J’oublie sans doute d’autres cinéastes hollywoodiens pratiquant le spectacle audacieux, notamment Martin Scorsese, qui a presque atteint le « sans-fautes » en termes de fusion art/commerce ; mais Scorsese, s’il est un grand admirateur de Kubrick, n’en est pas vraiment un disciple : loin de lui l’idée de se mesurer aux genres grand public comme le film de guerre, le film de SF, ou même le film d’horreur pure… Et Kubrick aurait-il réalisé ce film pour enfants : Hugo Cabret ? Nous en doutons.

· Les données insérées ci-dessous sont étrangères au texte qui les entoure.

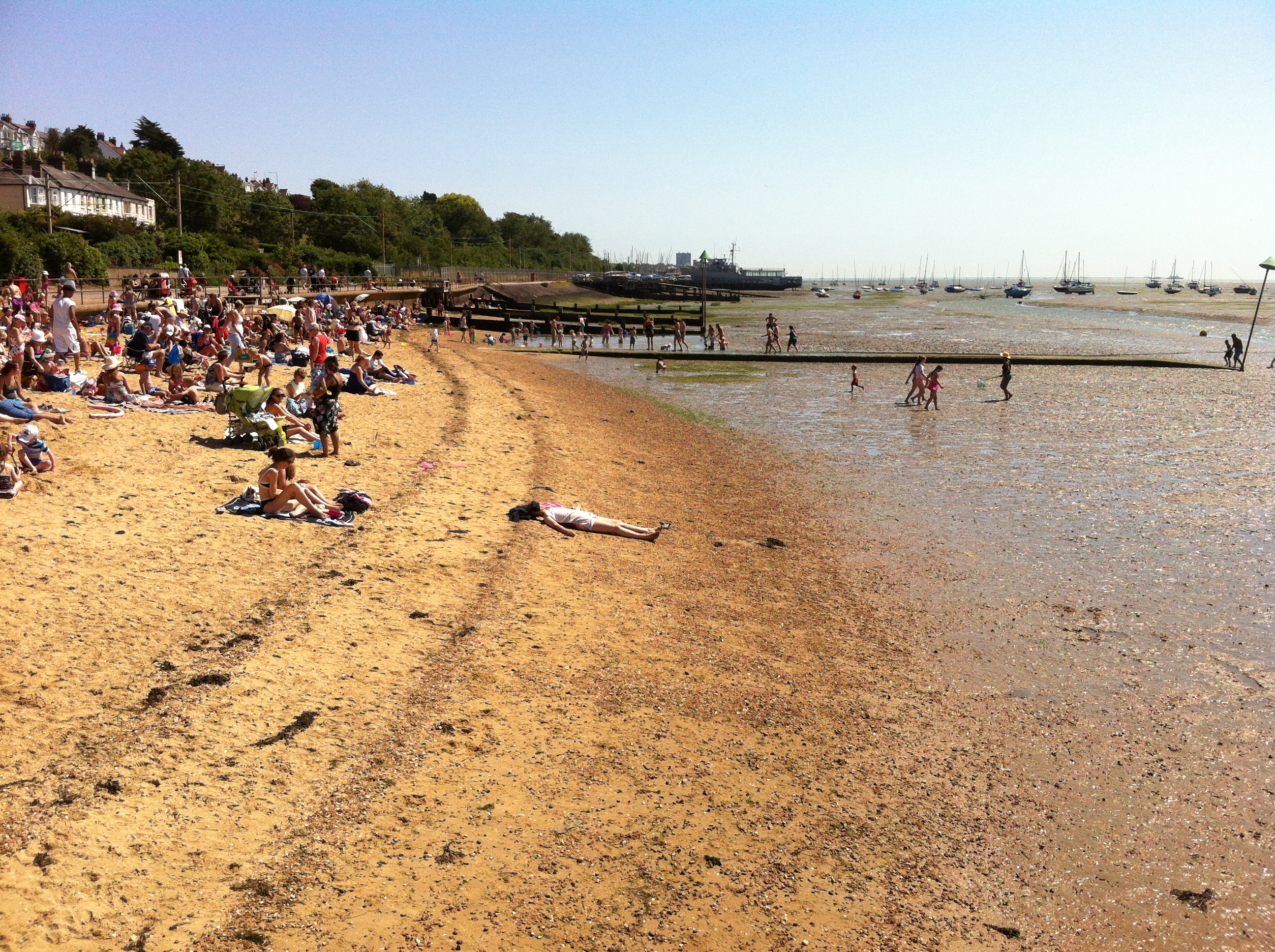 Over thirty degrees and humid…you have to love the Brits as they flock to the beach at Leigh on Sea…yes, that IS mud!!! The good old Thames estuary with its briny salty mud flat smell near the cockle sheds… And, celebrating the birth of William and Kates’ baby…
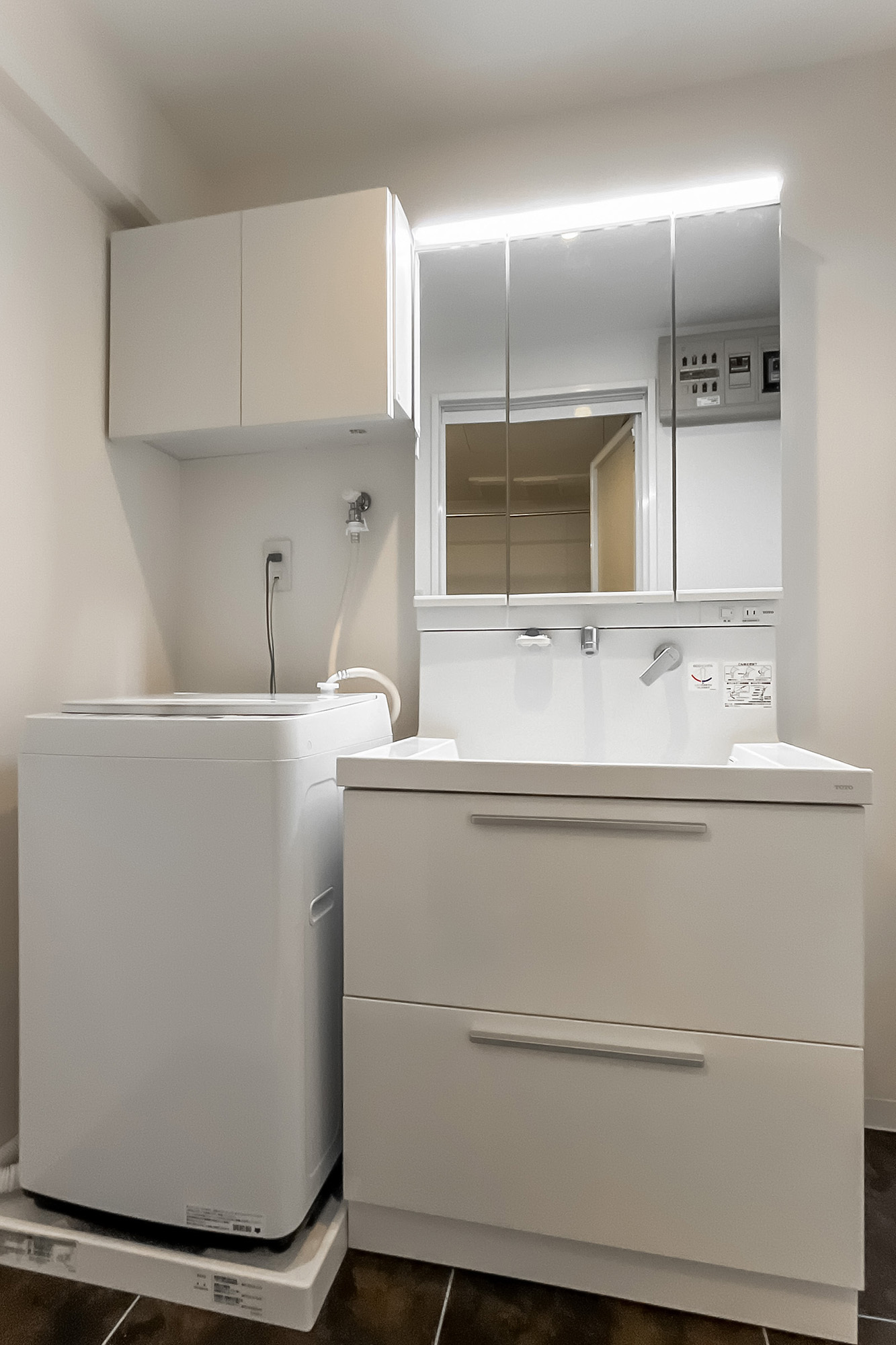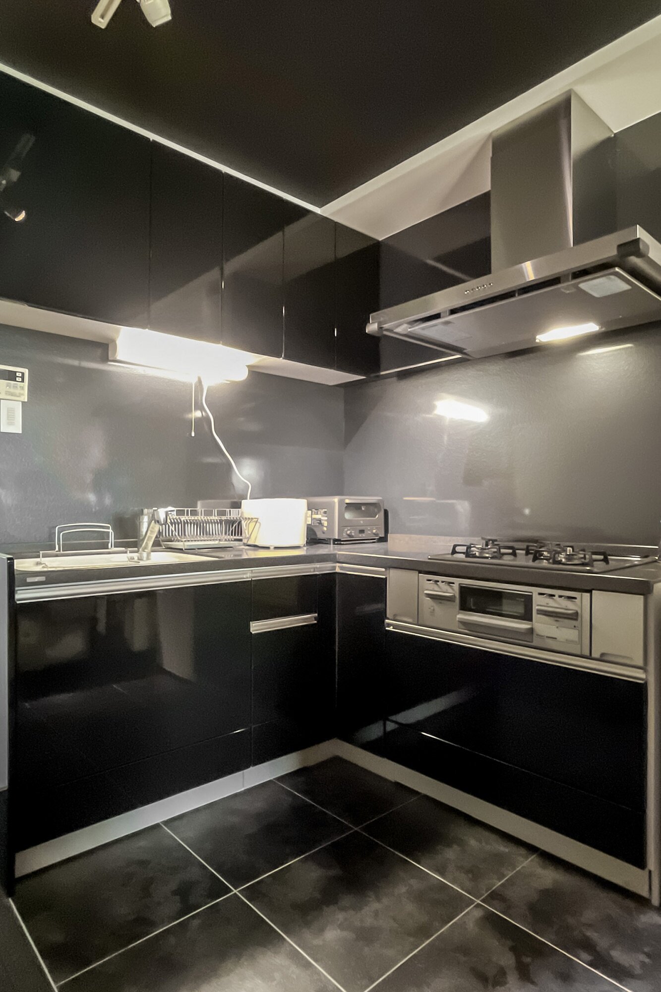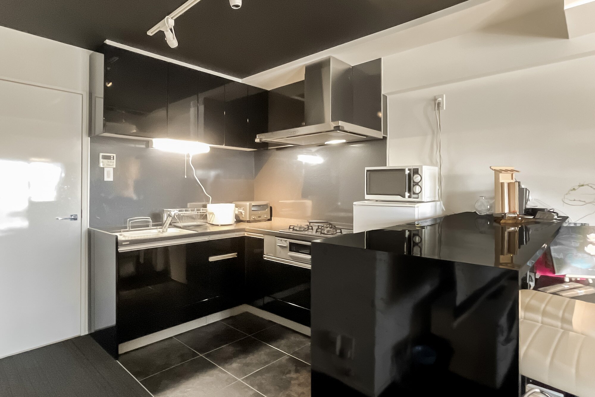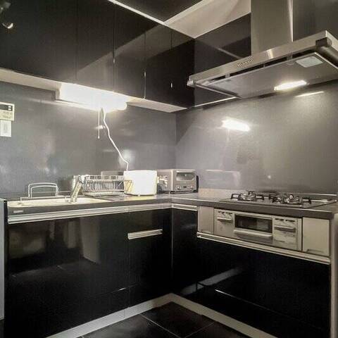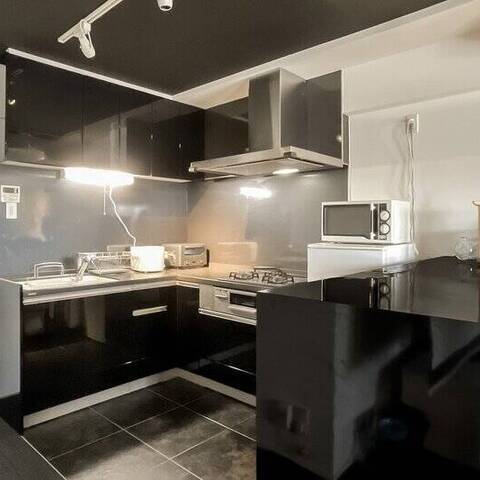 - 2015年にリノベーションされた住戸。使用感は現地でお確かめください。LDKの天井や床、水まわりにブラックが使われ、統一感のある内装。大人っぽい雰囲気です。

Au fond, la filmographie de Kubrick ressemble au monolithe au tout début de 2001 : forme pure (un écran de cinéma renversé, noir, vertical) ; tout autour, les singes-cinéastes osent à peine s’en approcher, sautillent, contemplent, contournent, lèvent la tête, effleurent la surface du bout des doigts, sans jamais percer le secret.
Mais il n’y a pas de secret : cette filmographie est juste un bloc posé fièrement dans la vaste plaine hollywoodienne. Ce bloc a pour nom intégrité artistique.